Policy Position

Convention and Event Centers

in Government Regulation

Introduction

Updated as of January 2020.


The idea of a new convention center appeals to city and county leaders’ civic pride and aspirations. They expect the new center to be a huge boost to the local economy, bringing in lots of newcomers who will pay special taxes on hotel rooms, car rentals, and prepared meals.

It is important to realize their peers in countless cities across the state and nation have the same dreams for their convention and event centers. And that gives a hint at why publicly funded convention centers are usually expensive money losers. There just aren’t that many events out there for the taking, and there’s an oversupply of convention space.

Convention and event center projects come packaged with impressive economic-impact studies that anticipate wide utilization with great spillover effects for hotels, restaurants, transportation services, and retailers. But results rarely match the projections. As a consequence, the centers begin offering discounted rates as the cities offer greater subsidies to keep the centers going. Actual attendance tends to be those who live in the area or in the state — people who would already have been spending locally (netting no actual impact) or who are less likely to stay overnight and dine.

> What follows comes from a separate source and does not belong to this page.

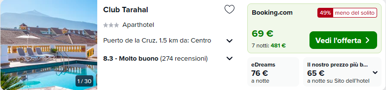 Trascorri una settimana nell’isola spagnola di Tenerife grazie a questo pacchetto, costruito per 4 (o 3 o 2) persone, con partenza da Milano Malpensa, Bergamo Orio al Serio, Roma Fiumicino, Treviso, Bologna e Napoli! L’offerta prevede un soggiorno di 7 notti presso l’ottima struttura Club Tarahal al costo complessivo di €183,75 a testa dato dalla somma del costo del volo di €70 andata e ritorno (tariffa minima da MXP) e del pernotto di €113,75 a testa (€455/4).
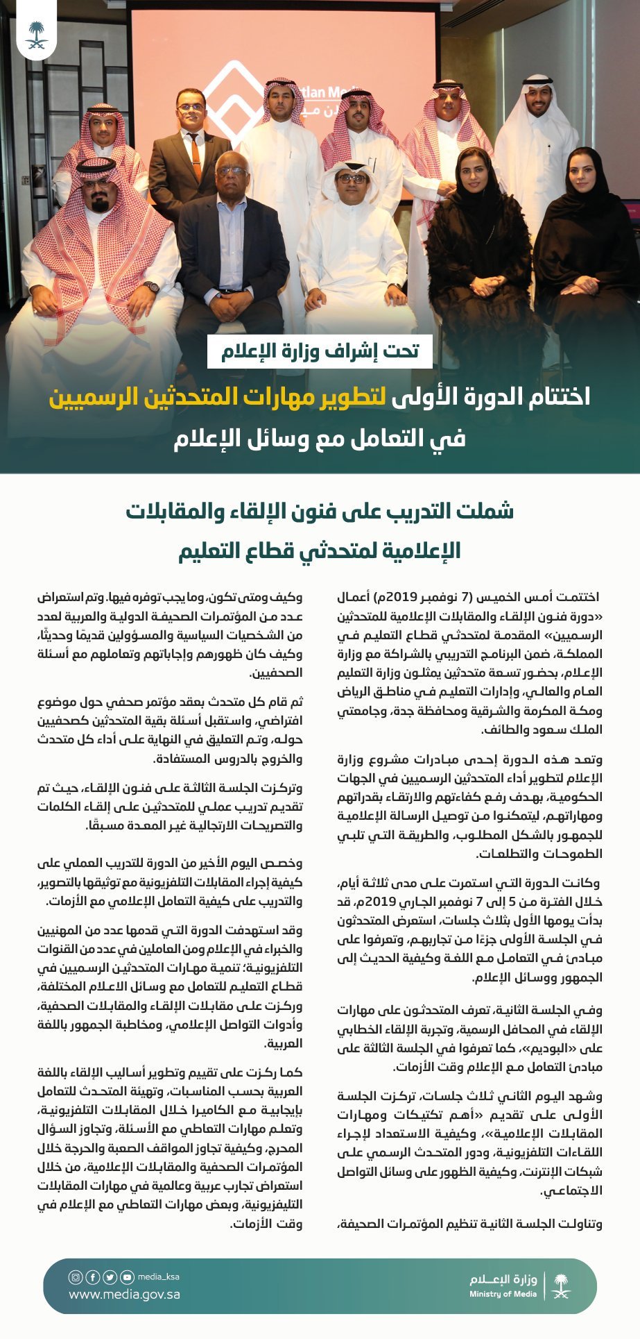 المتحدثين الرسميين في التعليم. مكتب المتحدثين الرسميين ينشر المعلومات إلى وسائل الإعلام عن الانشطه الجاريه لوزارة التربيه والتعليم مواقفه وسياساته وتنشر تقارير عن الأحداث التي تجري في مجال التعليم. اختتمت أمس الخميس 7 نوفمبر 2019م أعمال دورة فنون الإلقاء والمقابلات الإعلامية للمتحدثين الرسميين المقدمة لمتحدثي قطاع التعليم في المملكة ضمن البرنامج التدريبي بالشراكة مع وزارة الإعلام بحضور تسعة متحدثين يمثلون. هاجر الشمري من الظهران ـ أنحاء ـ خلصت دراسة حديثة إلى أن أكثر من نصف المتحدثين الرسميين للجهات الحكومية في السعودية ليس لديهم حسابا على تويتر. أربعة متحدثين فقط من بين 18 نجحوا في فرضية مكة التي تهدف إلى قياس مدى تجاوب المتحدثين الرسميين لعدد من الجهات الحكومية مع وسائل الإعلام وردوا خلال أول ثلاثة أيام منذ بدء إرسال الاستفسارات في حين لم يرد 14 متحدثا خلال.

In his 2014 book “Convention Center Follies,” Heywood T. Sanders, professor of public administration at the University of Texas at San Antonio and the nation’s top scholar on convention centers, wrote: “In city after city, from Anaheim and Atlanta to Seattle and Washington, D.C., the consultant forecasts simply are not realized, the actual center performance in terms of new convention and tradeshow attendees and hotel room nights often half or a third of what the consultants promised.” Despite that, Sanders found no evidence that the forecast errors were even acknowledged by consultants to improve their forecasting.

The consultants’ reports are biased to produce “deal of a lifetime” projections to pressure leaders to support the projects. As one Belmont, North Carolina city councilman said about such studies, “no elected official wants to stand up and say ‘I’m standing in the way of new jobs.’”

The public venture also squelches private ventures, an unseen harm to the economy. Municipal convention centers compete against private centers, such as the Koury Center in Greensboro and the Sea Trail Convention Center in Brunswick County, as well as hotels offering their own meeting spaces, including smaller options. This unfair competition can be exacerbated by city-subsidized hotels and restaurants placed near the convention center.

Key Facts

  • In 2016, the John Locke Foundation warned that the Rocky Mount Event Center would result in “tens of millions of dollars in additional tax burden” falling on taxpayers in Rocky Mount. From 2016 to 2018 the City of Rocky Mount approved three property tax increases “dedicated to the Rocky Mount Event Center debt payments.” Rocky Mount’s 2020 budget for the Rocky Mount Event Center projected spending far more on operating the center ($2.5 million) than it expected in center revenues ($1.83 million), and that didn’t even count the $3.1 million debt service payment.
  • The proposed 2019 budget for the City of Raleigh included more money for debt service for the Raleigh Convention Center than it proposed for its operations. The annual debt service for the Raleigh Convention Center was nearly $20 million, compared with nearly $19.2 million for operations.
  • In 2019 the City of Charlotte began an expansion of the Charlotte Convention Center expected to cost $110 million. The Charlotte Observer reported that “the Charlotte Regional Visitors Authority says the meeting market has changed, with planners demanding more breakout rooms, space for smaller meetings, and less square footage of floor space for massive exhibitions.” This speaks to the disconnect between the varying needs of organizations and companies that host conventions and perceptions of their needs by elected officials.

Recommendations

  1. Resist public funding of private ventures, including convention and event centers. Private investors risking their own capital are better poised to recognize viable opportunities than elected officials whose expertise lies elsewhere, and local governments have no business entering into competitive enterprises. Avoid cronyism, sweetheart deals, and playing favorites with the tax code for those projects.
  2. Demand a true cost/benefit analysis of a proposed project. Consultants’ economic-impact reports are notorious for overstatement. A disinterested third party, such as an economist from one of North Carolina’s many universities, should evaluate a project responsibly, including accounting for opportunity costs and unforeseen negative consequences.
  3. Make taxes and zoning less restrictive. Look beyond the downtown core. Lowering or at least freezing property tax rates will boost homeowners and businesses across the whole area. It will make the area more attractive to investors, developers, and businesses in many ways. Less restrictive zoning can encourage business growth, local innovation, creative uses of space, and outside interest.